A Travellerspoint blog

Medellín without Pablo

Gondolas without snow

sunny 25 °C

Day 10 Thursday February 8, 2018

For a long time Medellín’s image was one of extreme violence caused by drug trafficking including the local cartel run by Pablo Escobar. During the late 80s and early 90s the city had the reputation as being the most dangerous in the world. Following his death, drug trafficking didn’t go away but the murder rate dropped significantly.

After a quick tour of our neighbourhood we jumped on a coach to go to ….. market. The market is definitely not a tourist market but a vegetable and meat market with a flea market attached. The main market was three stories with mostly vegetables on the first floor as well as herbs. Huge avocados, sacks of potatoes, various unidentified fruits and veggies. It was hard to believe that this much food could be sold in a day. On the bottom floor was mostly a meat market. You could buy a whole pig or buy the parts and assemble your own. Lots of chicken and fish too, for a bit of variety. Out back was the flea market with headboards, appliances, toilets, electronics and further on was the animal section with goats, ducks, chickens, cats, dogs, and various other birds.


We then headed out to experience the transit system. Medellin has a mixed transit system with LRT, buses on their own roadways, and even gondolas. We took the bus to the train and then on to the gondola. Medellin has several large slums created by people displaced during the various violent periods. The government is quite progressive and has put services such as the gondola system to assist in transportation, electricity, running water, community centres, libraries and increased schools and educational training programs into these areas. These community changes offered the poor from this and other barrios alternatives that didn’t exist previously. The murder rate in the city has fallen from 380/100,000 in 1993 to 20/100,000 in 2011.The barrio we traveled over in the gondola (just like the gondolas found at Whistler) was built on very steep hillsides so that the residents would not have to climb up to their homes.
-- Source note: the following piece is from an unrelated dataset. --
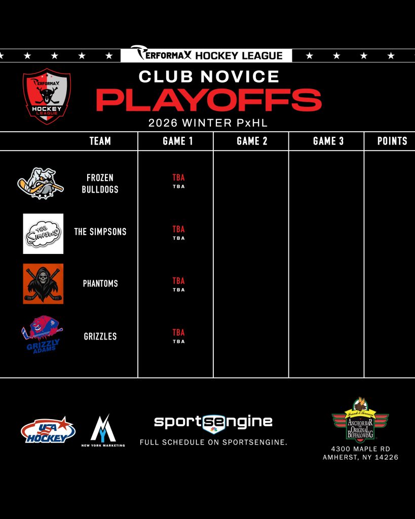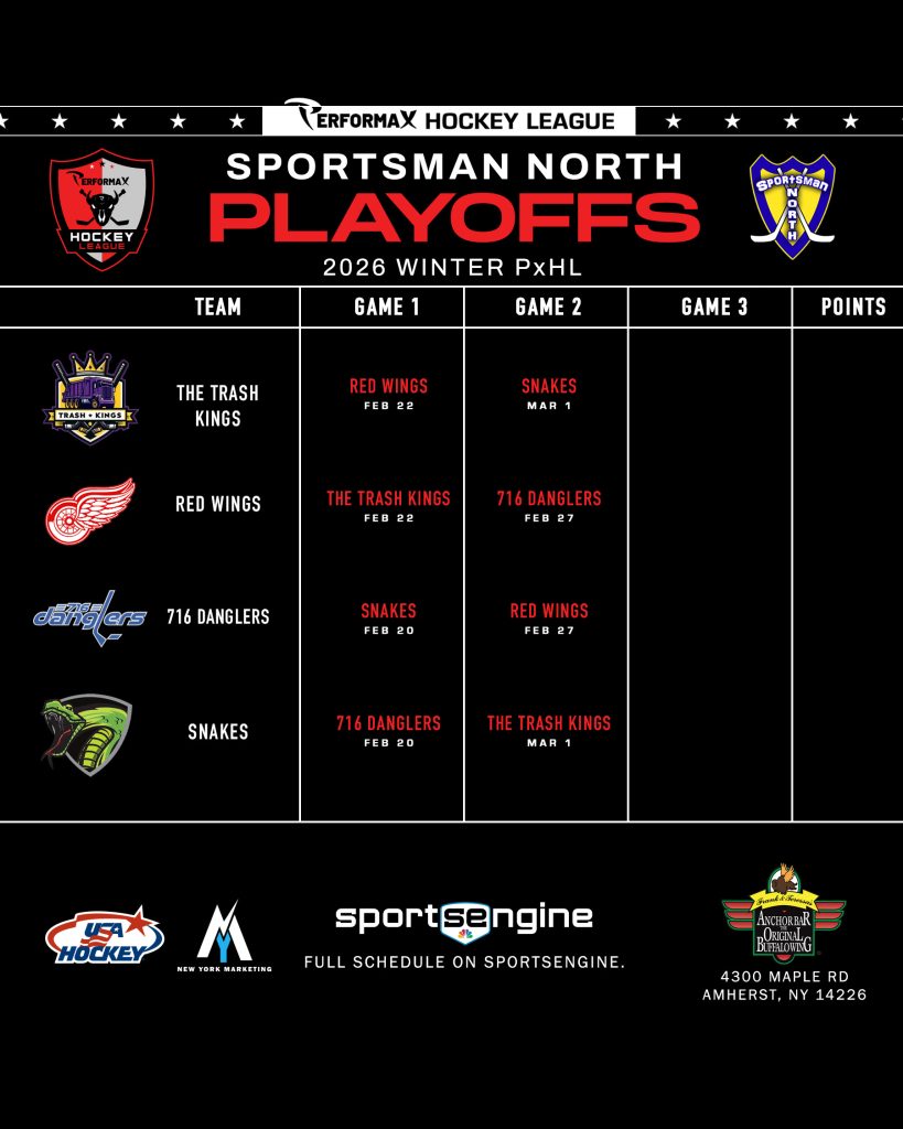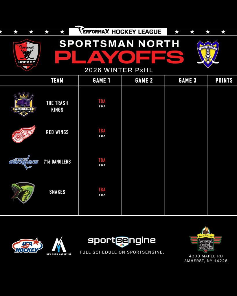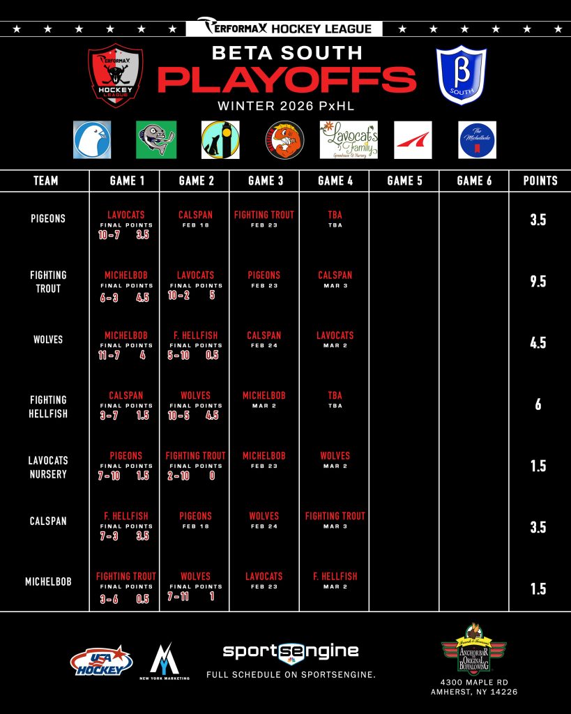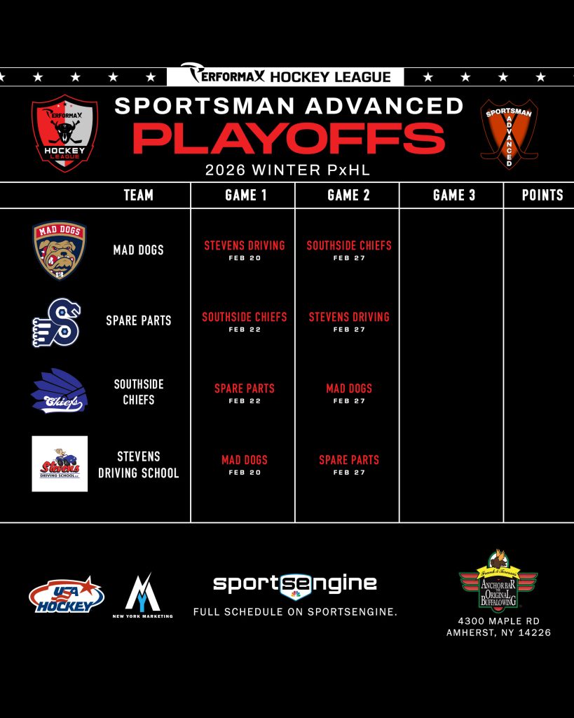 2026 Winter PxHL Playoffs (Click any image to enlarge. Tiebreakers 1 – Points2 – Wins (overall record)3 – Head to head (combined for teams tied)4 – Divisional record5 – Overall goal differential VIEW PAST YEARS

We then went to Botero Plaza, surrounded by the Museum of Antioquia and the Rafael Uribe Uribe Palace of Culture, which is a 7,000 m2 outside park that displays 23 sculptures by Colombian artist Fernando Botero, who donated these and several other artworks for the museum's renovation in 2004. The plaza is located in an area of Medellín, known as the "Old Quarter". Despite their immense size, they were a bit dwarfed by a large cathedral and museum surrounding them. Off the square were several pedestrian malls that we checked out. They were very busy with a few tourist stores but mostly product for the local people. We were getting hot and tired and Fred’s knee was bothering him so after trying to get a cab with no success (not sure why but they didn’t want to take us, perhaps cabs must stay in certain areas) we got on the metro and successfully found our way back to our hotel.


Tonight is a tejo game. Not sure what it is but it seems to involve explosives and beer.